(Beginning of Data supplied)

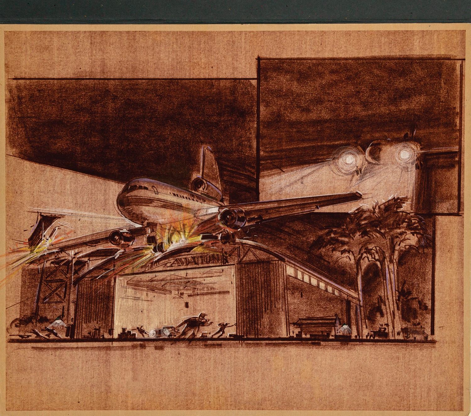 (Landmark Entertainment, c.1988) An original storyboard for Dynamite Nights Stunt Spectacular for Universal Studios. This brownline storyboard is attributed to Chuck Cancilier, and includes hand-colored highlights. While the final show did not include such an elaborate theme, this storyboard captures the spirit of the over-the-top action seen in the live show. Measuring 14.5"x17.5", the foamcore-mounted storyboard is in very good condition with some edge-wear, including spots of peeling at the corners.
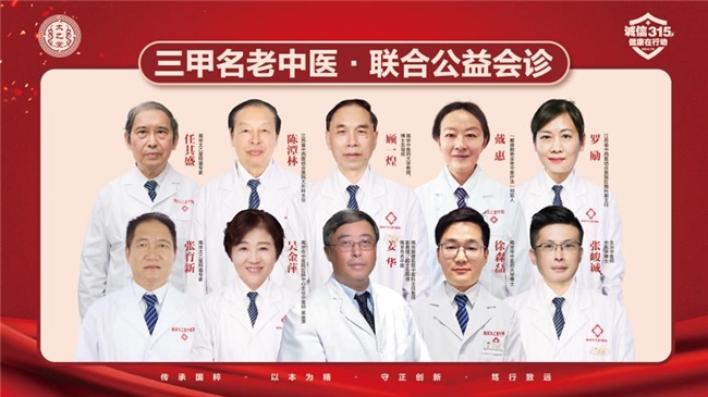 3月15-16日,“诚信3.15·健康在行动”三甲名老中医联合公益会诊日正式开启!会诊日期间,南京太乙堂中医院特别邀请南京鼓楼医院中医科主任医师、硕士生导师、南京市名中医姜华教授;南京中医药大学博士生导师、中华中医药学会养生康复分会副主任委员顾一煌教授;南京中医药大学针灸推拿学博士、澄江针灸学派传人徐森磊博士;南京中医药大学针灸推拿学博士、南京非物质文化遗产“京西庞氏正骨法”传承人张峻诚主任;江苏省中西医结合医院大外科陈潭林主任;南京市中医院肛肠中心吴金萍主任;江苏省中西医结合医院肛肠科罗励主任;戴维顺势全息中医疗法创始人、上海复旦大学易感疾病基因方面专家戴惠主任;国家级名中医谢昌仁亲传弟子、副主任中医师任其盛主任;南京太乙堂特邀心脑血管专家张育新主任等名医专家,为心脑血管疾病、疼痛疾病、肛肠疾病、高血压、高血脂、高体重、糖尿病、痛风、失眠等慢性病患者提供规范化诊疗和慢病健康管理服务,全面守护慢性病患者的健康!
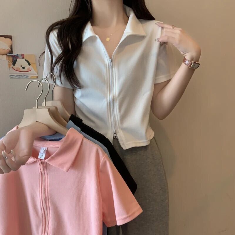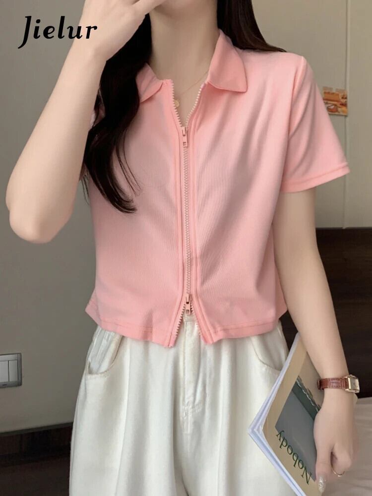 送料無料 Jielur 無地ポロ襟半袖ピンク Tシャツ女性の Tシャツ服夏のストリートトップス Tシャツ Y2K ショート ハーフスリーブ サマー 夏物 ソリッドカラー AE12188787830387770578
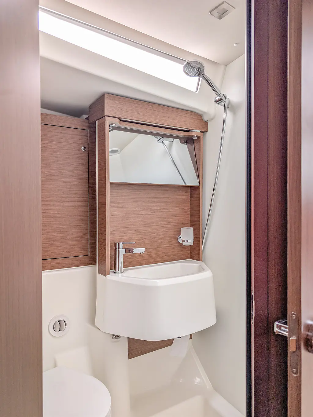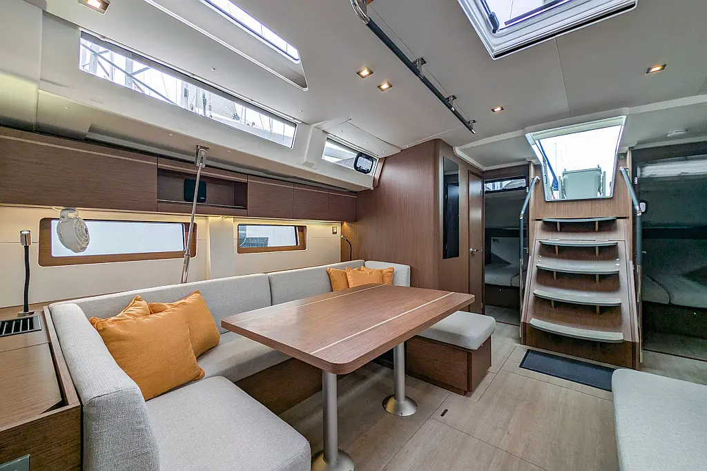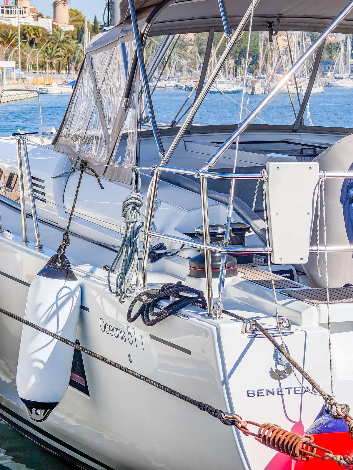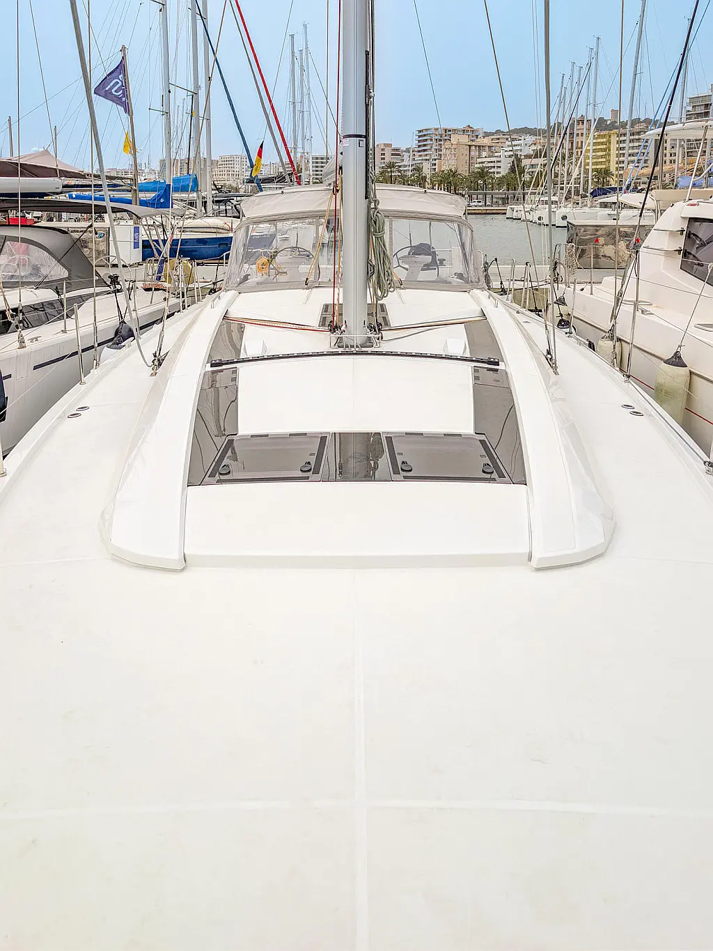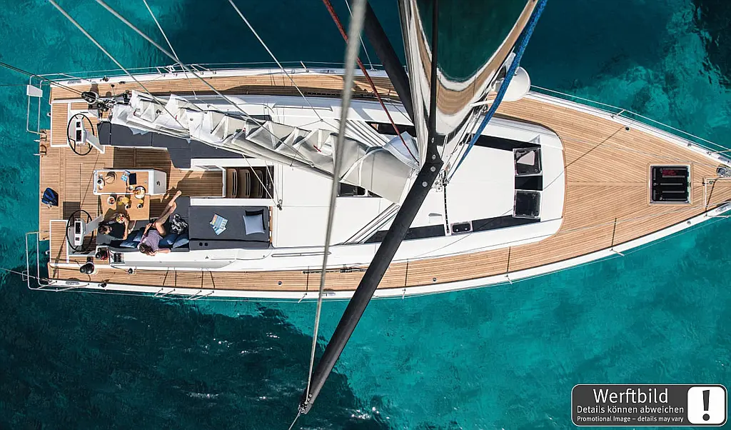 Anchor light, Automatic charger 220V, Cockpit Shower, Bimini, Bathing ladder, Bilge pump electric, Boat hook, Boatswain's chair, Bow and stern pulpit, Steamer light, Deck brush, Dinghi, Double sea railing, Electric shore connection cable 220V, 25 m, Electric windlass, Holding tank, Halyard winches 2 pieces, fenders 6-8 pieces, mooring ropes 4 pieces (30 m), Gangway, Main anchor with 50 m chain, national flag, Position light, contactor, towing line 25 m, Schootwinsche, Sprayhood, Diving goggles and snorkel (1 Set), Second anchor, Shroud cutter, tool box, yacht & engine key
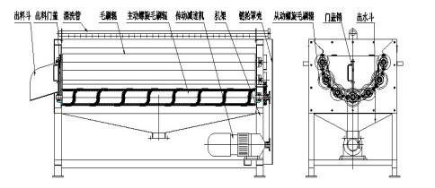 該毛刷去皮清洗機主要由機架、傳動減速機、鏈輪罩殼、噴淋管、毛刷輥、出水鬥、出料門蓋、出料鬥、門蓋插銷等部件組成。
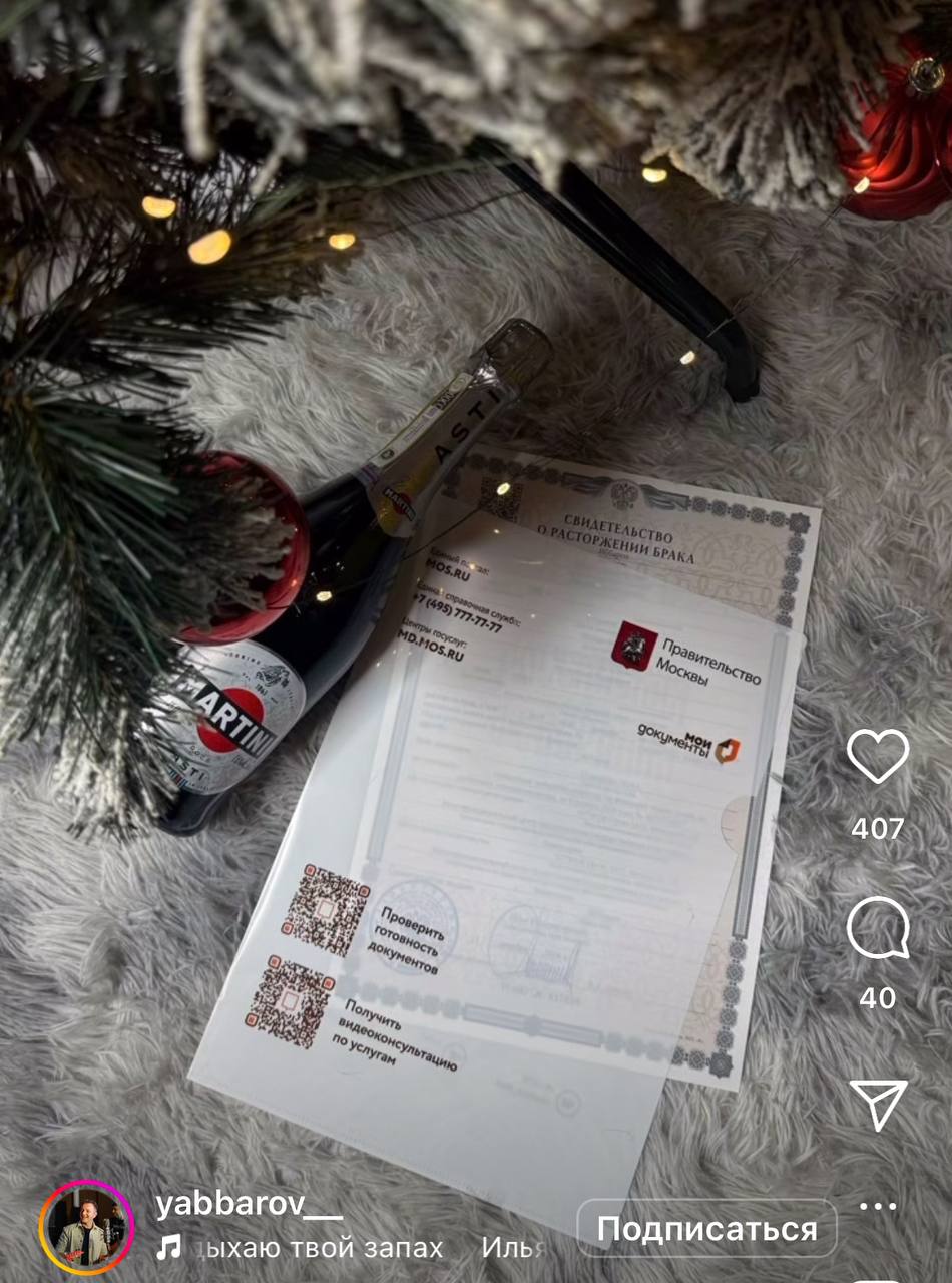 Яббаров опубликовал у себя в блоге фотографию свидетельства о расторжении брака и коротко написал:
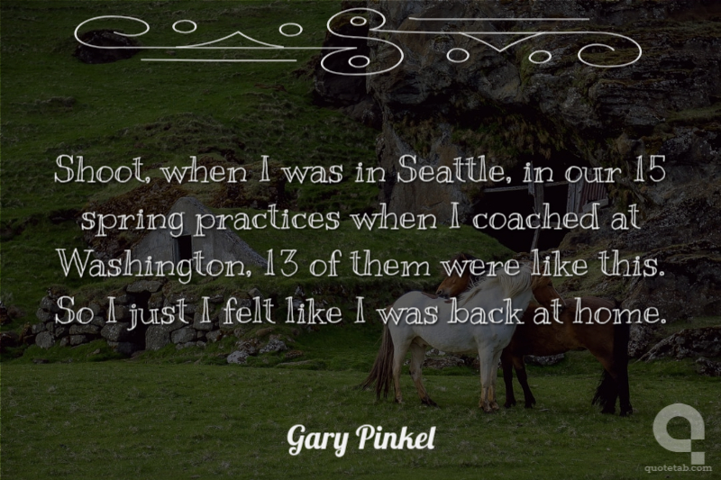 Shoot, when I was in Seattle, in our 15 spring practices when I coached at Washington, 13 of them were like this. So I just I felt like I was back at home. Gary Pinkel
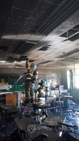 7일 오전 경기도 성남시 분당구의 한 초등학교에서 불이 나 학생과 교직원 등 500여명이 대피했다. 인명피해는 없었다. 사진은 불에 탄 교실.
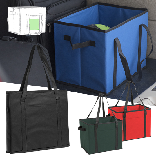 Organizador plegable para el maletero del coche en resistente non-woven de vivos colores. Con asas de transporte reforzadas, asa lateral, bolsillo frontal y base rígida para un firme ajuste.
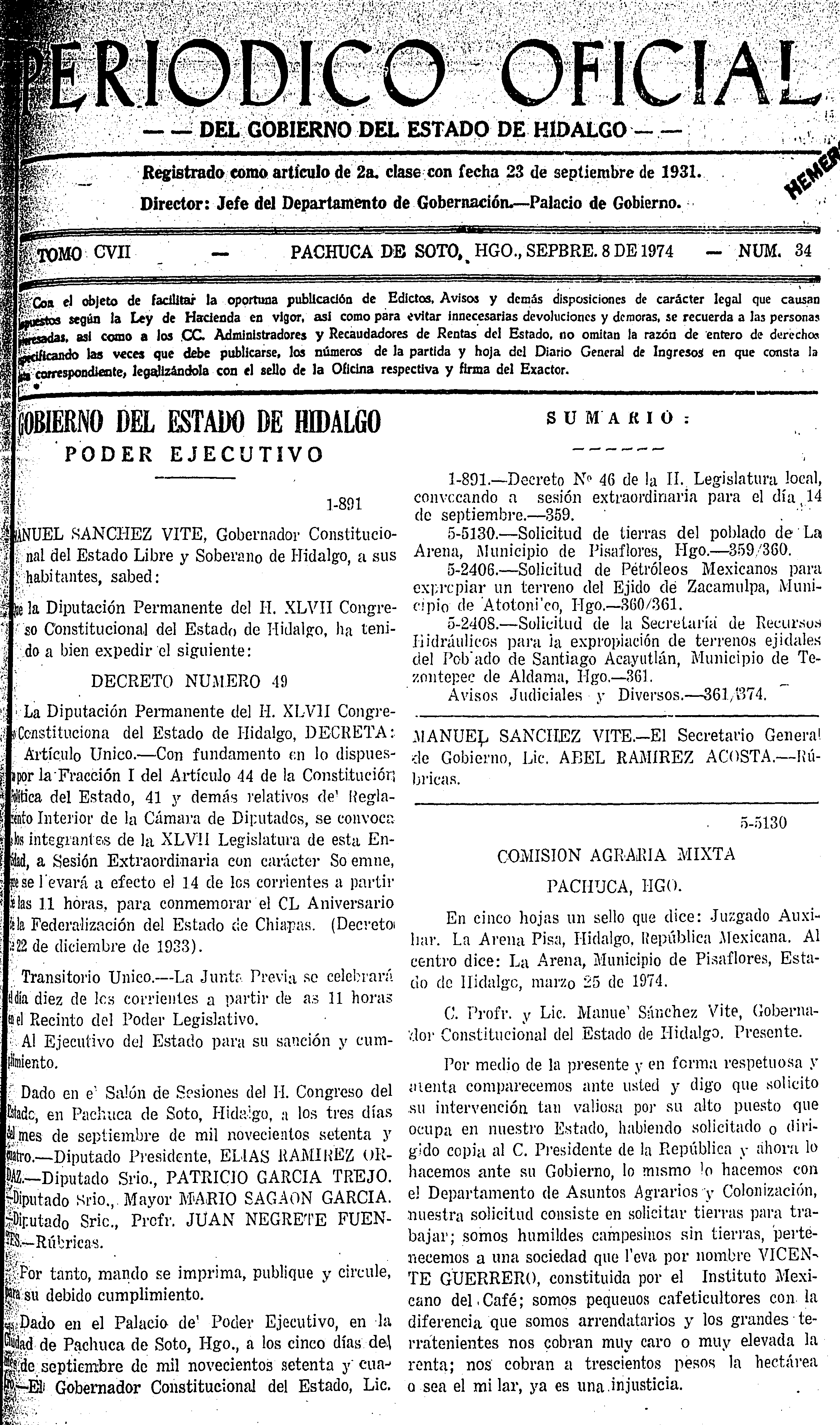 Descargar Periódico Oficial Ordinario 0 del 08 de septiembre de 1974
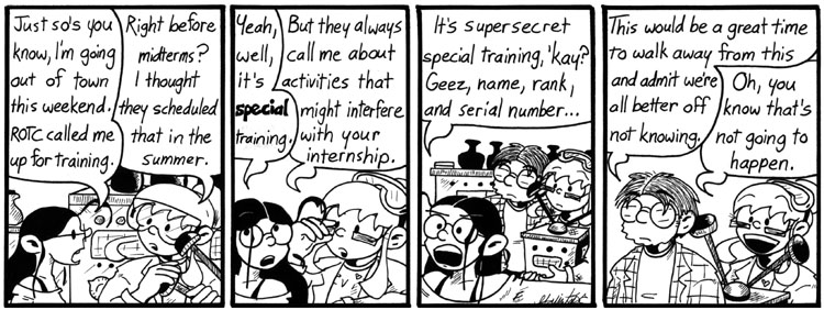 And a new storyline begins! Frankly, I think everything from here to the end of Narbonic is solid stuff. Okay, “Angels” has some weak points, but overall I can read the last year and a half of the strip without cringing. And I love this storyline, because everything awesome happens.
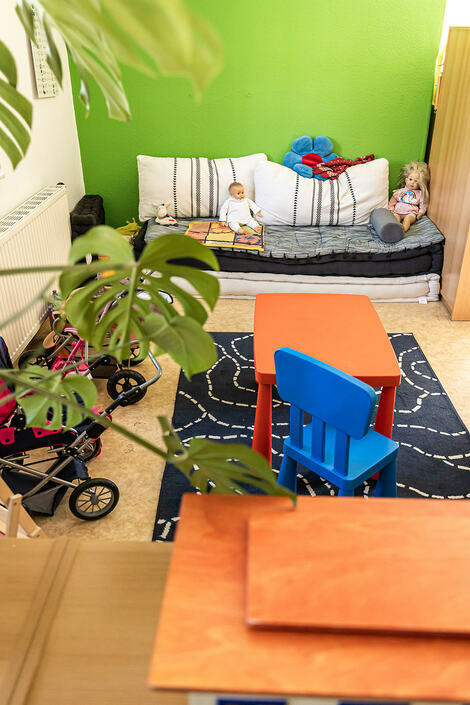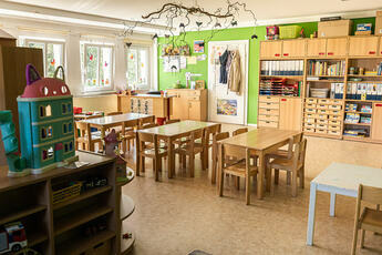 Nach den Bedürfnissen der Kinder sind die Räume liebevoll gestaltet. Eine feste Erzieherin begleitet die Gruppe jeweils ein Kindergartenjahr.

(End of Data supplied)

Task to carry out -
Pictures do not belong in your copy; restate word for word the lines from the one containing "Shoot, when I" through the last line of the records above.

Answer to this problem -
 Shoot, when I was in Seattle, in our 15 spring practices when I coached at Washington, 13 of them were like this. So I just I felt like I was back at home. Gary Pinkel
 7일 오전 경기도 성남시 분당구의 한 초등학교에서 불이 나 학생과 교직원 등 500여명이 대피했다. 인명피해는 없었다. 사진은 불에 탄 교실.
 Organizador plegable para el maletero del coche en resistente non-woven de vivos colores. Con asas de transporte reforzadas, asa lateral, bolsillo frontal y base rígida para un firme ajuste.
 Descargar Periódico Oficial Ordinario 0 del 08 de septiembre de 1974
 And a new storyline begins! Frankly, I think everything from here to the end of Narbonic is solid stuff. Okay, “Angels” has some weak points, but overall I can read the last year and a half of the strip without cringing. And I love this storyline, because everything awesome happens.
 Nach den Bedürfnissen der Kinder sind die Räume liebevoll gestaltet. Eine feste Erzieherin begleitet die Gruppe jeweils ein Kindergartenjahr.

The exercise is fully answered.